▶ What is needed
The required output is the exact run of lines below that opens at the line with "Screw Port |" and closes at the line with "티스토리 관리자 페이지에서 꾸미기 -> 스킨 편집으로 이동합니다.".

=== Information ===

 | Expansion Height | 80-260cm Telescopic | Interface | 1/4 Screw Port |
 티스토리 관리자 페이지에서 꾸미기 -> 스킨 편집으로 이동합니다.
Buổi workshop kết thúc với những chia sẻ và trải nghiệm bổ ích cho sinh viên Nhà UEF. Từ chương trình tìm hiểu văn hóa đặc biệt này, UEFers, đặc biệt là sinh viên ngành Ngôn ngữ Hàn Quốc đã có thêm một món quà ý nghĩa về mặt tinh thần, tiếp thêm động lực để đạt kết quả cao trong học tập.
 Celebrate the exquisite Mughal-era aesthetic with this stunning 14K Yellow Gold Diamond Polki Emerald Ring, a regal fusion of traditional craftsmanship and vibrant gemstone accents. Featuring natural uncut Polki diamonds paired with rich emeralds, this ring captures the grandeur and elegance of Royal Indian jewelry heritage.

===
=== Information ===

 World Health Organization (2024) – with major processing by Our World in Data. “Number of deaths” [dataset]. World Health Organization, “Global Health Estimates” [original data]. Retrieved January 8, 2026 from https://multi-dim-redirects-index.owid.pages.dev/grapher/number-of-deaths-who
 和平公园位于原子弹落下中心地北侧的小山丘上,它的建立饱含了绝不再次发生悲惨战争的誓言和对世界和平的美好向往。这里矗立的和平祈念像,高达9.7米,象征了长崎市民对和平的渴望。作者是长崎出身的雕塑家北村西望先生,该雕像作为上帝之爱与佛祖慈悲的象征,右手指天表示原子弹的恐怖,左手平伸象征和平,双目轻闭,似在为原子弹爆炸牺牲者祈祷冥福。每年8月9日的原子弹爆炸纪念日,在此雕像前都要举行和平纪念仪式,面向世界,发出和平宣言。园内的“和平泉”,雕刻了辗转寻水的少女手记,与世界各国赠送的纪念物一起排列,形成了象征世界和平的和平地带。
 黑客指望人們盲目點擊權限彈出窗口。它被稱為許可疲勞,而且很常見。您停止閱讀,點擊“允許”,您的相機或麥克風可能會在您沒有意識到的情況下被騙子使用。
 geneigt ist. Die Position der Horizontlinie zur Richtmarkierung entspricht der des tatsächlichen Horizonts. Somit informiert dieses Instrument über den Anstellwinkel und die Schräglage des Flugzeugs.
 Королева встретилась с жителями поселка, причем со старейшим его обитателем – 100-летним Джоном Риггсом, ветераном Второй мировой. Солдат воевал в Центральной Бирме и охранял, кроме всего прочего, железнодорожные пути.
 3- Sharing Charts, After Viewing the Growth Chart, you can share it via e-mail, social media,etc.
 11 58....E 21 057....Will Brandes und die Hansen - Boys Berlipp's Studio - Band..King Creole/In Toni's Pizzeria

===

▶ Solution below
 | Expansion Height | 80-260cm Telescopic | Interface | 1/4 Screw Port |
 티스토리 관리자 페이지에서 꾸미기 -> 스킨 편집으로 이동합니다.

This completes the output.